I Would Never Date A Writer.

Writing. Being a writer is crazy, there is this instant connection that you have with all writers and it’s crazy.

You immediately become attached to them, you share their pleasures and connections and you congratulate them.

But some part of me would never date a writer, yes, I am a writer and I would never date a writer.

My boyfriend isn’t a writer but he does write but that doesn’t bother me.

When writing, as many of you probably know, you are constantly struggling.
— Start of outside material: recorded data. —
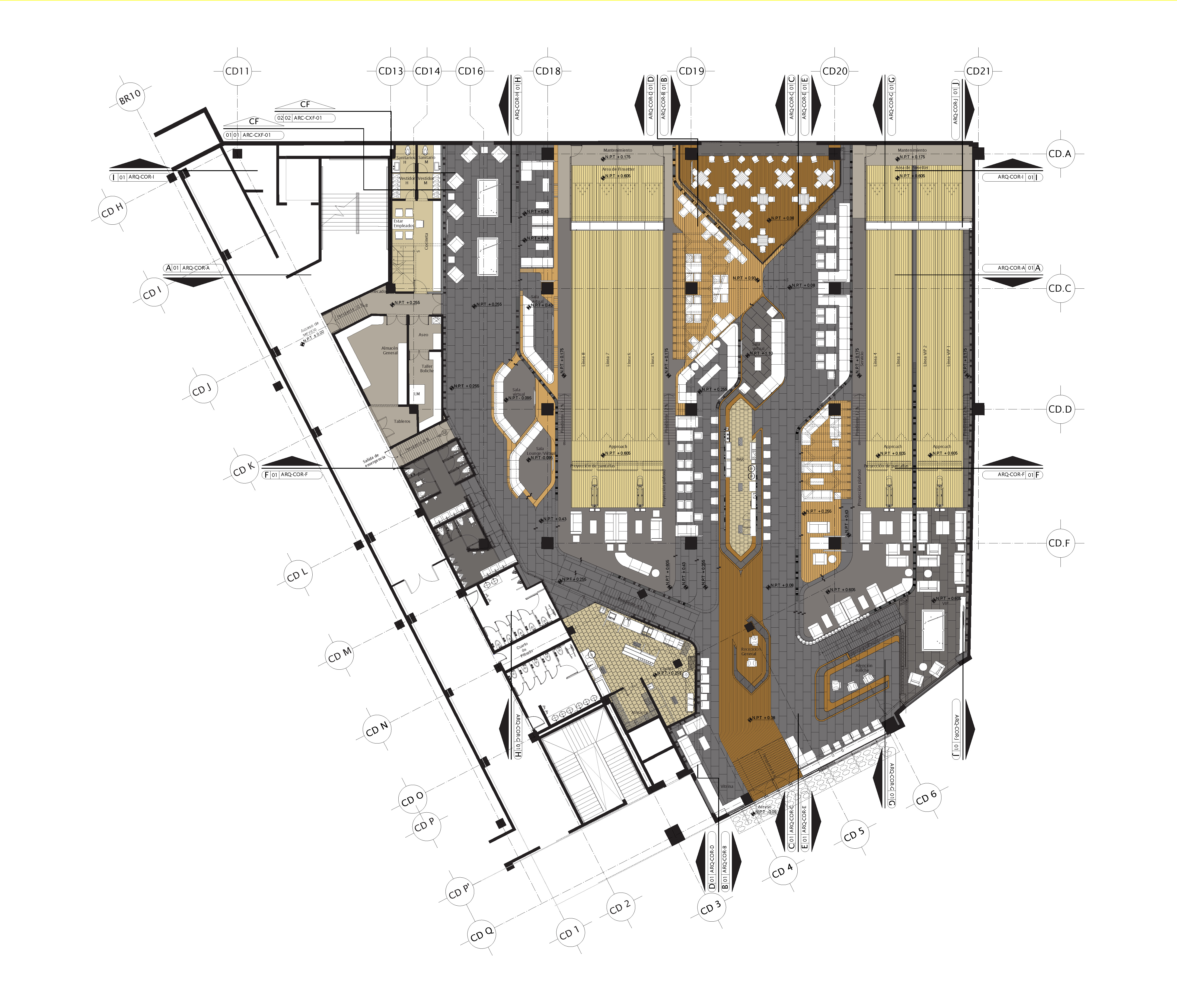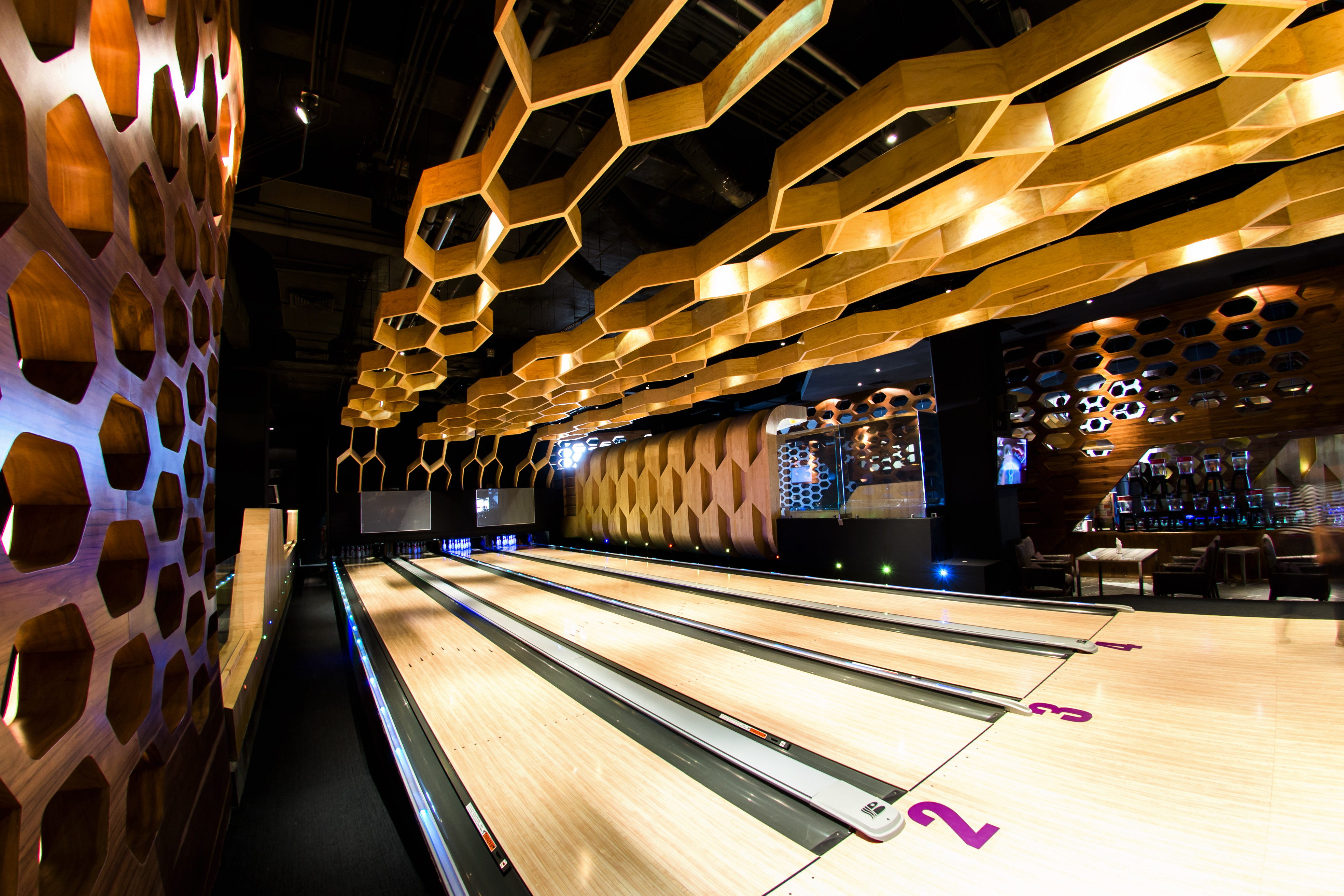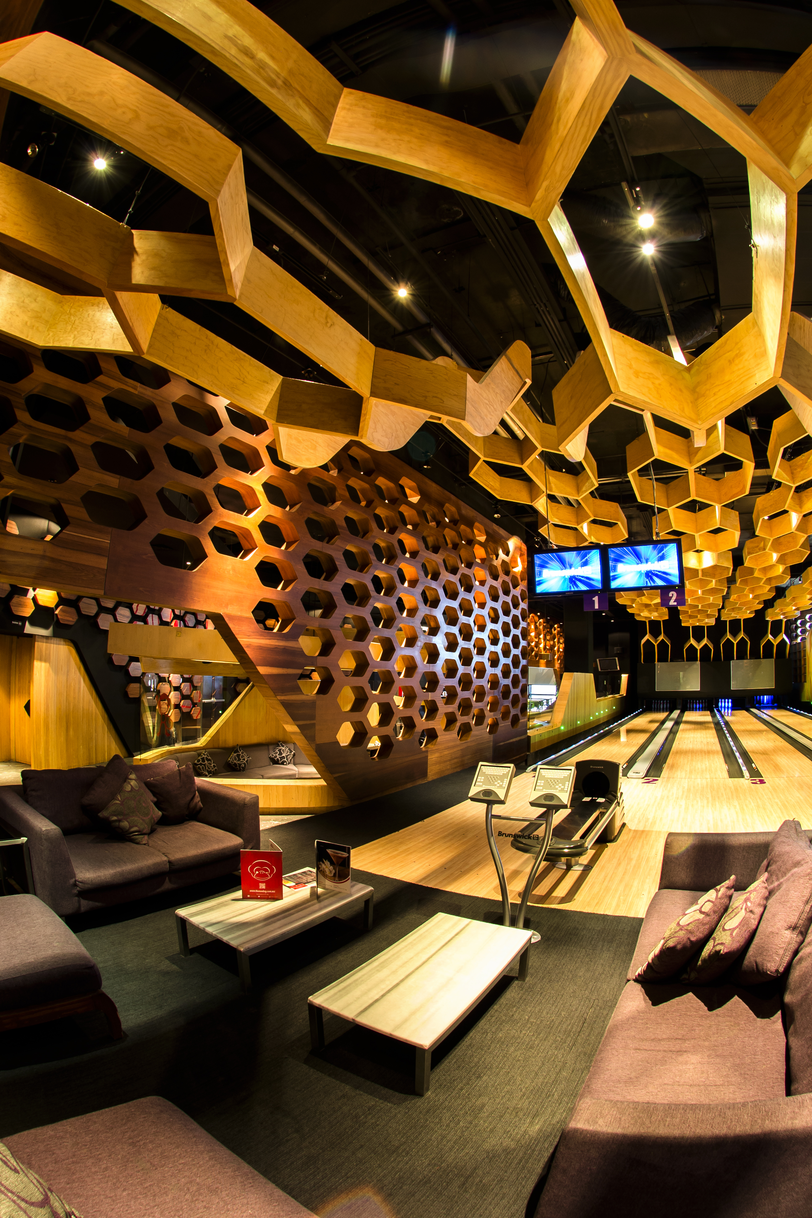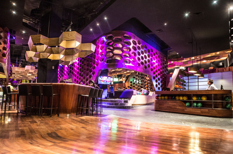 Bajo la consigna de creación de un nuevo concepto de entretenimiento que integrara restaurante, bar, boliche, salas de juegos virtuales y billares, se organizó el programa funcional en bandas, en donde se insertaron diferentes hitos formales y programáticos. Estas “cápsulas” de programa se van ligando entre sí creando diferentes ambientes. Como en un paisaje, las superficies arquitectónicas son continuas aunque en algunos casos se abren y permiten generar diferentes relaciones visuales. La superficie elegida para lograr estas relaciones visuales fue la de dos grandes celosías de más de 800 m2 que dividen e integran al mismo tiempo los diferentes ambientes del proyecto.
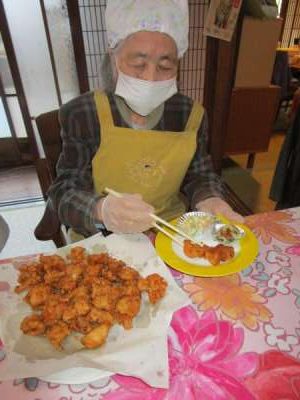 美味しくできた昼食を頬張る皆さんの笑顔・・・
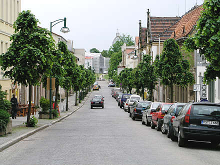 Schlossstraße als eine der acht vom zentralen Stadtplatz ausgehenden Achsen. Im Hintergrund die Atrappe des Schlosses und der stählerne Schlossturm.
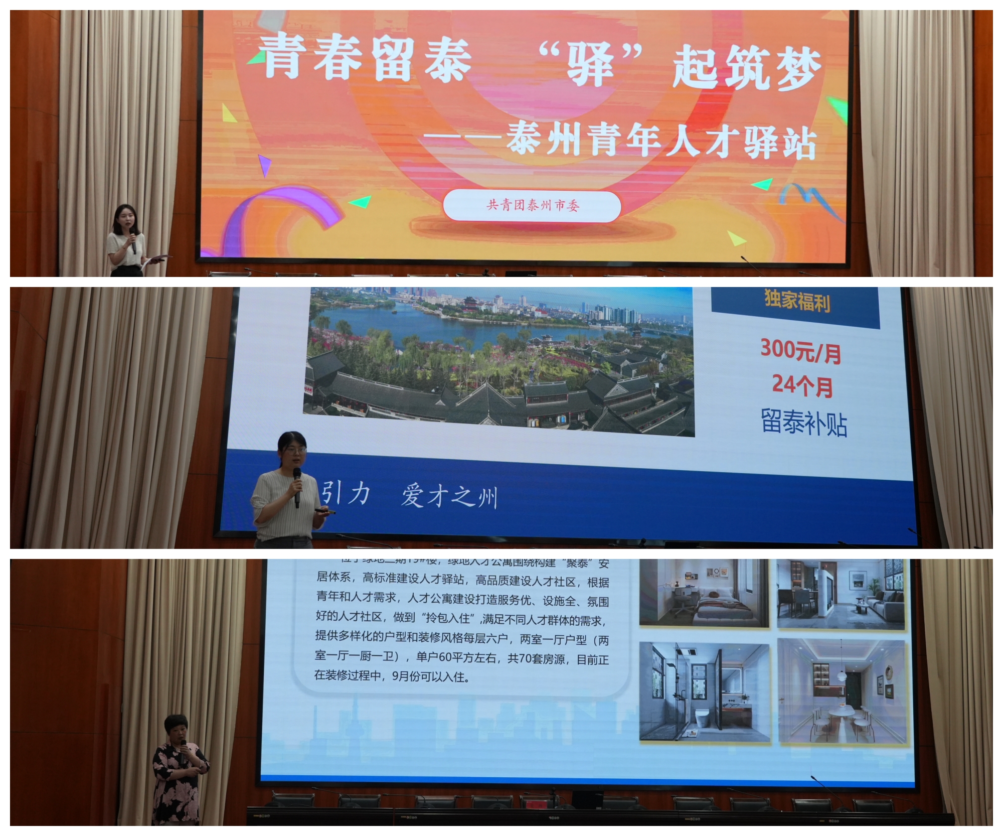 泰有引力青年和人才一站式服务中心主任董税涛、团市委权益部负责人祝烨、市住建局住房保障处副处长史玮分别围绕高校毕业生“留泰”政策、青年人才驿站、人才保租房优惠政策等方面做宣讲。现场互动氛围热烈,同学们就自身关心的问题提问,并就“留泰”政策提出自己的意见和建议,相关单位业务负责人一一予以回应和解答。
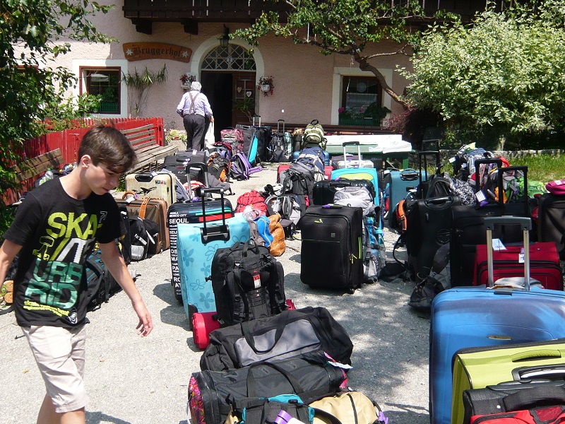 Mit Sack und Pack bei strahlendem Sonnenschein, müde, aber guter Dinge haben wir den Bruggerhof in Beschlag genommen. Die von den Eltern gepackten Überseekoffer sind fast ausgepackt. Familie Hofer hat uns mit Spaghetti zu Mittag und Kaiserschmarrn zum Abendessen fürstlich empfangen.
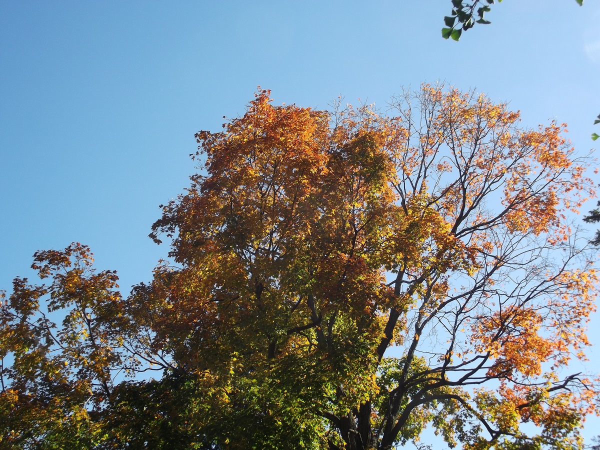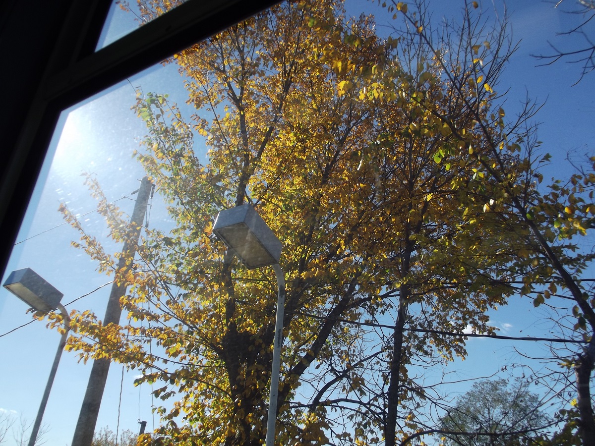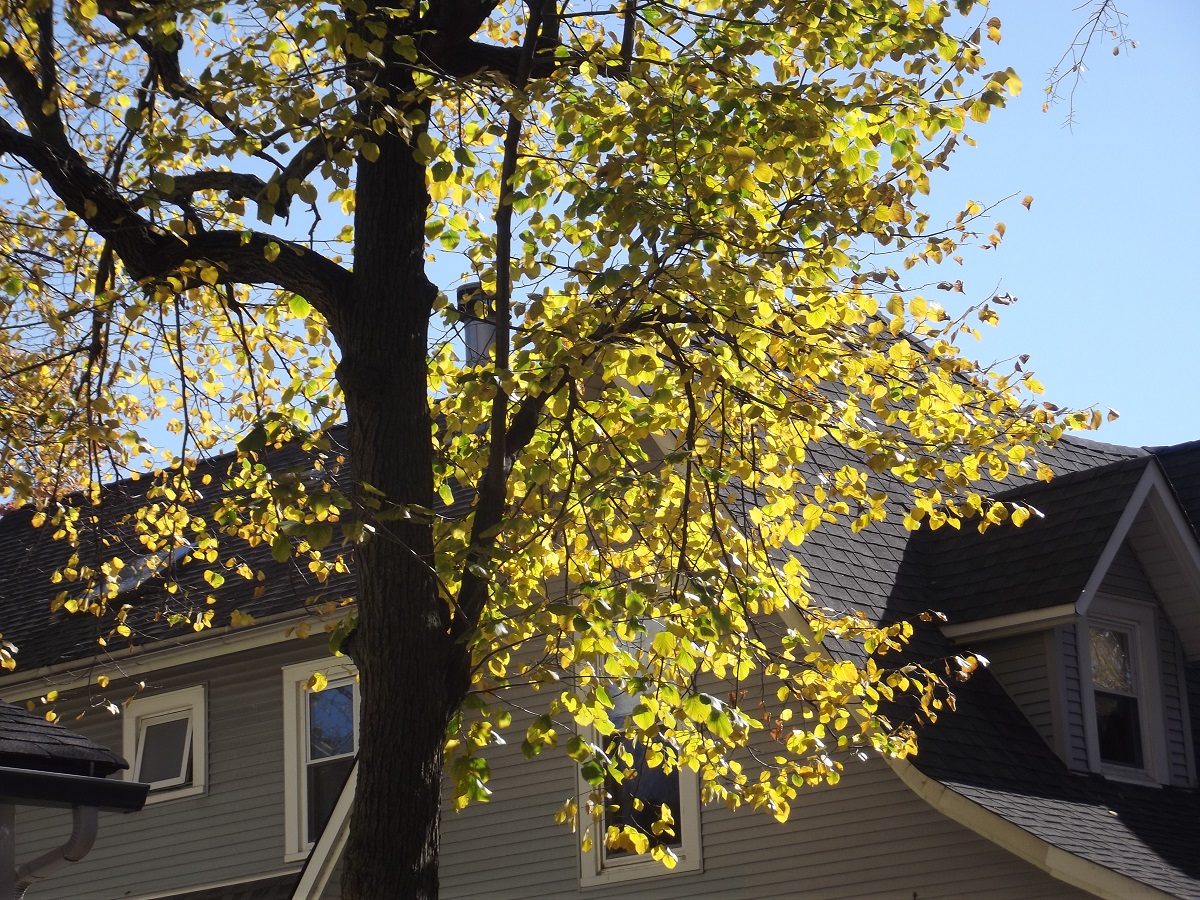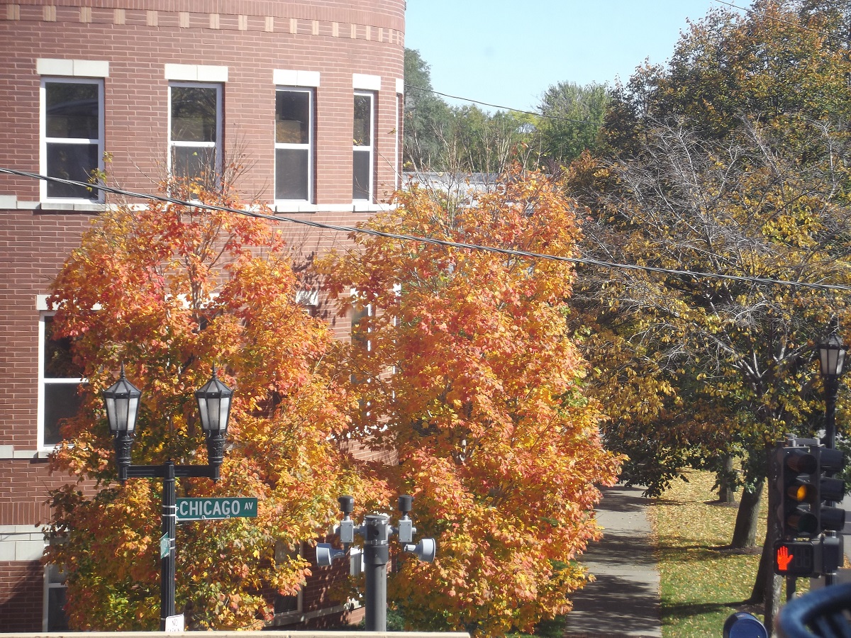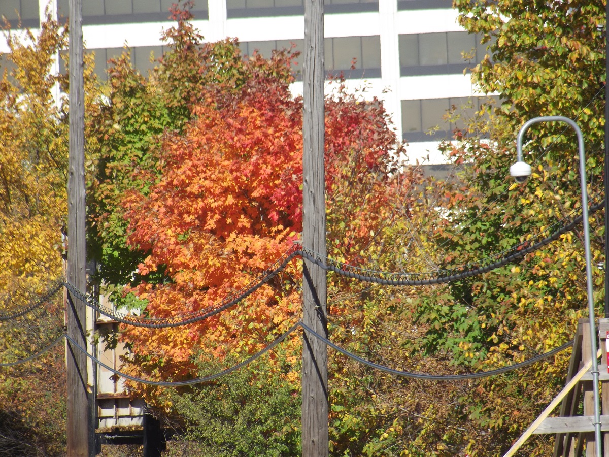 Telephoto of that same red/orange maple from the Dempster "L" station -- I was going into Chicago to Chair the UUSJ Environmental Task Force meeting that afternoon
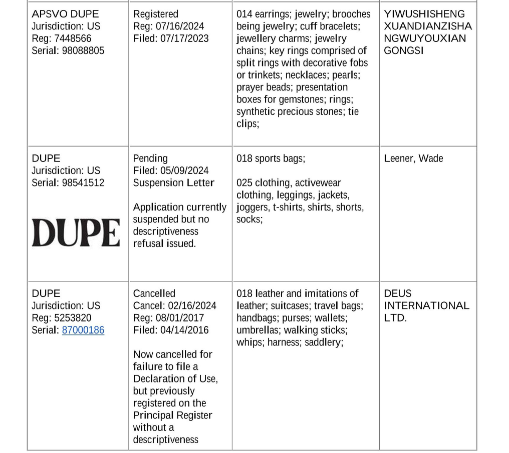 Aritzia bolsters its argument with precedent from the USPTO’s own register. The company points to numerous third-party registrations for marks containing the word “DUPE” – for use on goods/services like apparel, accessories, and retail services – registered without disclaimers or claims of acquired distinctiveness.
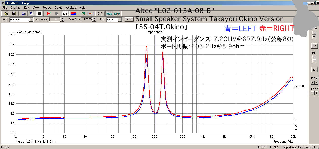右と左でグラフがそっくりでないのは「個体差」があるからなので仕方がないにしても、どちらもほぼ同一のグラフになっている。これは、まず「箱」の完成度の高さを示している。理論的に、左右ともほぼそろった響きを出力できることが分かる。
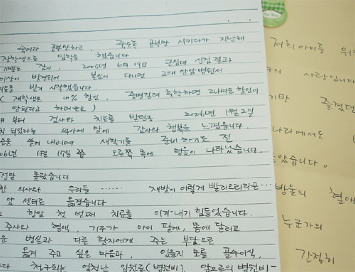 P씨는 라인 편지지에 자필로 쓴 글에서 “이렇게 환불될 수 있는 큰 돈이 있었다면, 며칠이라도 1인실서 마음 편히 있게 해주었을 텐테...”라면서 경제적인 이유로 마지막까지 정성을 더하지 못한 심정을 자책했다.
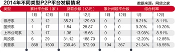 银行系、国资系等非民营系P2P平台在2014年发展迅猛,平台总数从1月的13家增至12月的75家,贷款余额也从35.21亿元增至363.01亿元。具有代表性的P2P平台包括,江苏金农公司的“开鑫贷”,北京市海淀区国有资产投资经营有限公司的“众信金融”,民生电商的“民生易贷”,包商银行的“小马Bank”等。尽管非民营系平台数量仅为民营系的二十分之一,但贷款余额总量已超过民营系总额的一半。
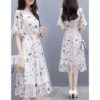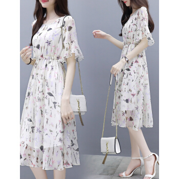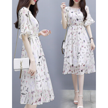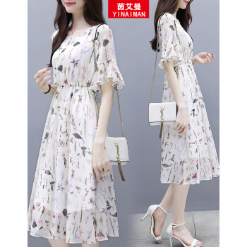 茵艾曼连衣裙女雪纺夏季新款女装韩版小个子时尚潮港味印花短袖中长款裙子 A386图片色 M《100-110斤》 |
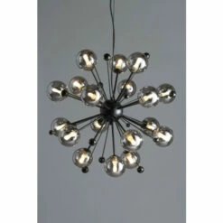 Dimensions (HD): 60 x 57cm. Adjustable height of up to: 160cm. Material: Metal. Bulb type: Maximum 3W G9. Number of bulbs required: 18 (not included). Remove light from fitting and wipe carefully with a clean, dry cloth.
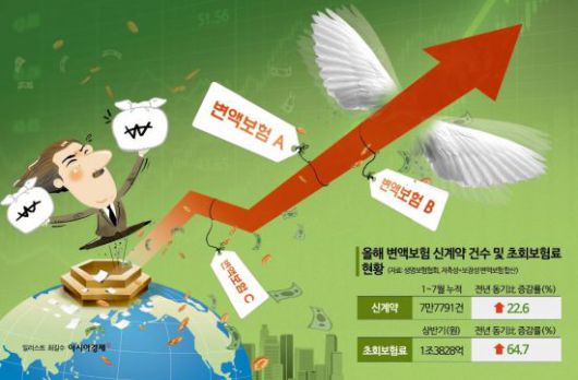 16일 생명보험협회 통계를 보면 올해 1~7월 변액보험(보장성·저축성) 신계약 건수는 7만7791건으로 전년 동기 대비 22.6% 늘었다. 신규 계약이 늘면서 초회보험료도 증가했다. 올해 상반기 변액보험 초회보험료는 1조3828억원으로 전년 동기(8395억원)와 비교해 64.7% 급증했다. 변액보험은 가입자가 낸 보험료 일부를 주식·채권·펀드 등에 투자해 운용 성과에 따라 연금액이나 환급금이 달라지는 상품이다.
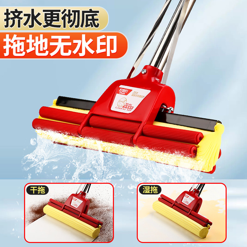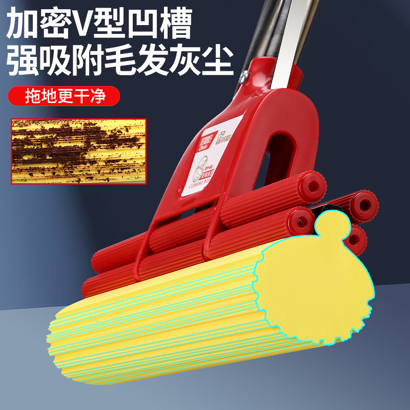 📚 好媳妇拖把头替换头胶棉海绵头滚轮式27 33 38CM通用型2个装家用

You struggle through writer’s block, through the critics, through getting your book finished or getting it published.

There are so many struggles that writers face and maybe it’s the jealousy and pettiness that is my life but I could never date a writer.

When dating somebody, you have to support them and love them through all they do but let me tell you something.

Every single time one of my writer friend’s came up with a new story line, I was mega jealous especially when I have writers block.

It’s like a salty happiness you have for somebody.

Then you tell a writer that you submitted your story into something and you suddenly feel this immense dread.

Like, are they going to submit their work? Am I going to have to compete against them?

It’s this constant struggle.

So as much as I love being friends with writers, I would never ever date a writer.

Merlin help me if my boyfriend gives up biology for writing. I would never break up with him for it, I love that nerd.

I just mean that I would never willingly go into a relationship knowing that he is a writer…

Sorry writers,

Sabrina Ingram.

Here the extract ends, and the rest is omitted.